Di quella stagione viene data spesso una immagine monolitica, se non eroico-agiografica (…comparve un eroe illuminato, che, con un manipolo di valorosi paladini, liberò la Psichiatria…), perfino errata nella ricostruzione dei fatti. Questa semplificazione consente di idealizzare (oppure di demonizzare), ma non di capire cosa è successo prima, allora, dopo; non fa bene dunque neppure alle necessità di un presente che, pur avendo consolidato alcune “belle speranze di allora”, è, per altri versi, così distante da esse.
Sarebbe utile ricostruire meglio, di quella stagione, correnti, punti di forza, intuizioni preziose; comprese quelle abbandonate per strada. Ma anche fragilità. Per esempio, a impostazioni che, di fronte alla follia, ritenevano prioritario su ogni altro aspetto il quadro di potere della sua gestione, si mescolavano (spesso con confini sfumati) visioni assai meno consapevoli (fino alla negazione della “malattia mentale” o addirittura alla sua idealizzazione …), ideologismi, generose illusioni. …oh, se per abbattere una volta per tutte quelle “mura”, che in tante forme continuano a ricostituirsi dentro e fuori di noi, bastasse davvero Marco Cavallo!…

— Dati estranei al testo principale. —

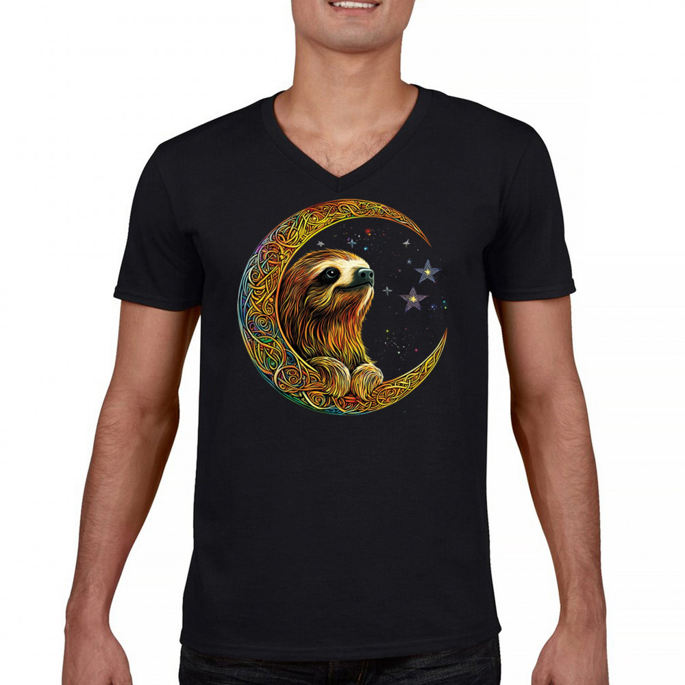 Peaceful sloth in Celtic crescent moon with cosmic sky. Symbol of mindfulness, rest, and intentional living. A calm, magical fantasy design.
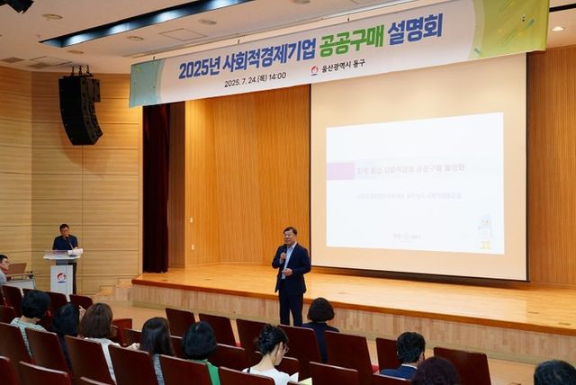[파이낸셜경제=김예빈 기자] 울산 동구는 7월 24일 오후 2시, 울산 동구청 5층 중강당에서 ‘2025년 사회적경제 공공구매 설명회’를 개최했다.
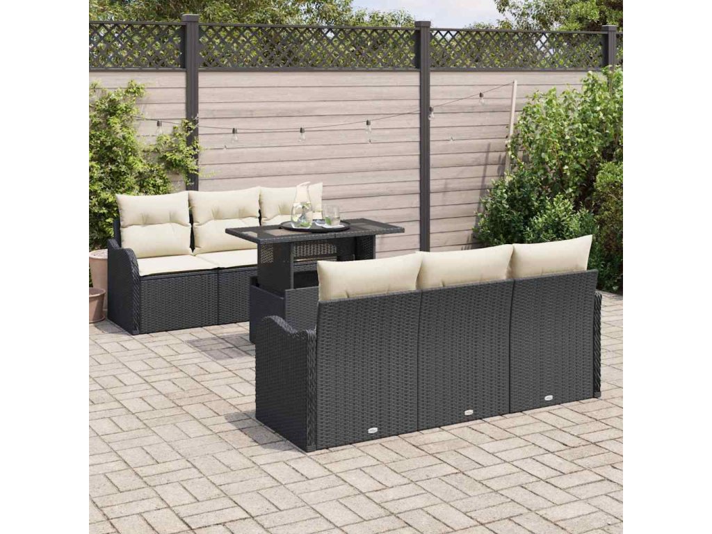 Sada zahradních pohovek s polštářem 7 pcs Černá Poly ratan 3348383
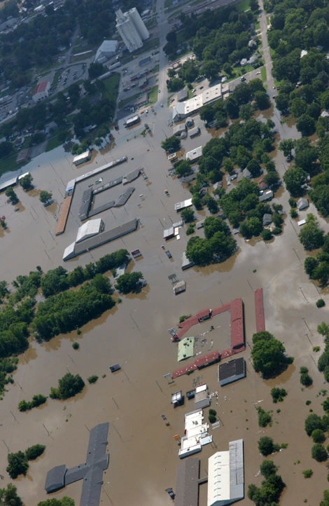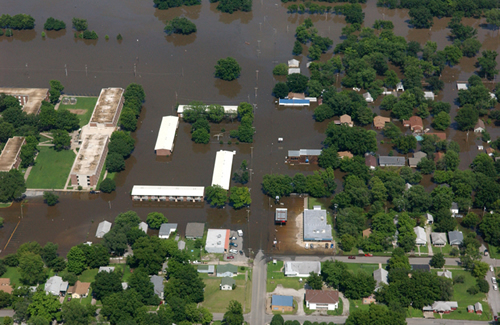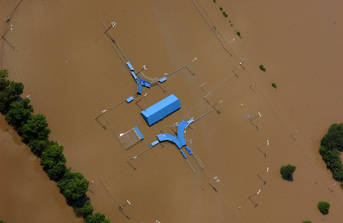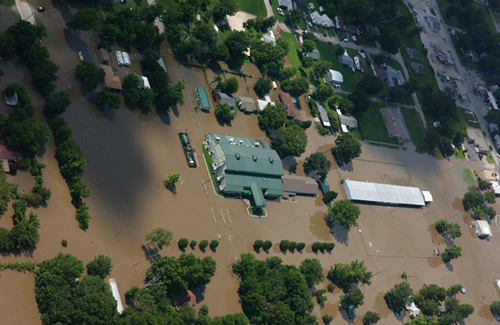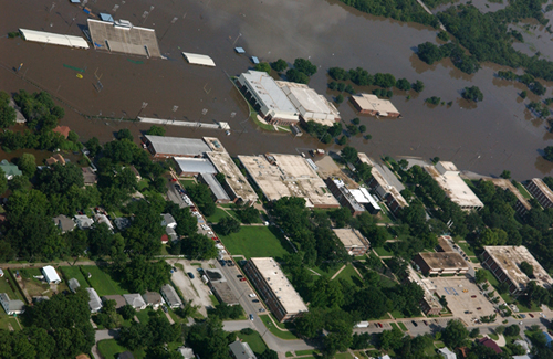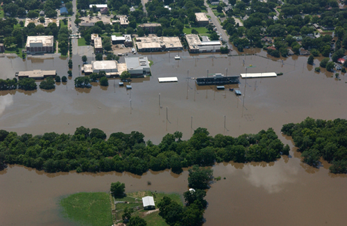 NEO College. Flooded the football field, gym, Nursing building, student union
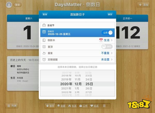 3.输入完名称之后,选择目标的日期,并进行其他的设定,都好了以后点击保存。
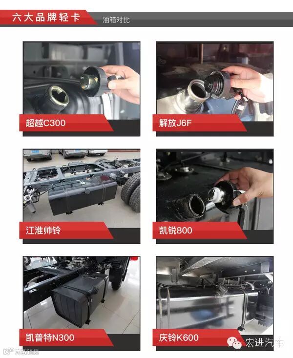 解放J6F和超越C300采用的是塑料油箱,其余四款车则用的是铁制油箱。而庆铃K600是唯一一款油箱不带防盗装置的。
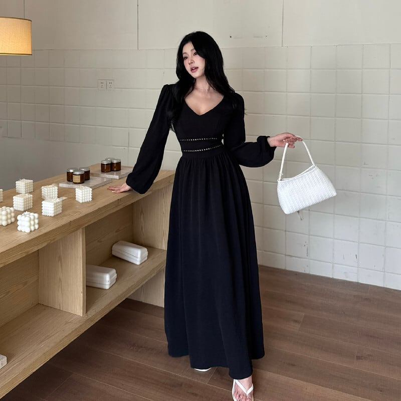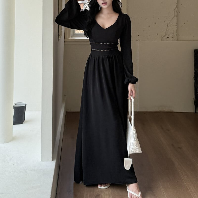 ワンピース ランタンスリーブ ロング丈 長袖 ブラック S M L XL

Cominciamo dai fatti, anzi, dal nome: più che “legge Basaglia”, fu “legge Orsini”, da Bruno Orsini, psichiatra genovese per nulla basagliano, sottosegretario democristiano alla Sanità, che la scrisse parola per parola, in pochi giorni, in serrata contrattazione con Basaglia e vincendone la forte opposizione. Basaglia era contrario a diversi punti chiave della legge: non voleva la Psichiatria negli Ospedali Generali, non voleva gli SPDC, non voleva nulla che sapesse di “medicalizzazione” della sofferenza mentale. Orsini, esponente di una corrente “riformista moderata” della Psichiatria, era preoccupato non solo e non tanto dalla “de-medicalizzazione” basagliana (che, all’estremo, finiva con lo sconfinare nella “anti-psichiatria” e nella negazione della malattia mentale), quanto dell’imminente referendum abrogativo radicale, formulato in modo tale (“volete voi abolire la legge 1904 istitutiva dei manicomi”?) che il suo sicuro insuccesso (in tempi di delitto Moro e terrore le istanze di “legge e ordine” erano di gran lunga prevalenti nell’opinione pubblica) avrebbe di fatto sancito il regime manicomiale, mettendo una pietra tombale sul progetto “riformista” di collocare una Psichiatria ammodernata nell’istituendo Servizio Sanitario Nazionale, sottraendola al suo tradizionale stigma e statuto speciale. Orsini convinse Basaglia, riluttante, della necessità, per impedire il referendum, di “stralciare” e approvare in fretta dalla legge 833 in preparazione la parte riguardante la Psichiatria. Fu un tipico compromesso democristiano, che consentì, comunque, alcune conquiste epocali.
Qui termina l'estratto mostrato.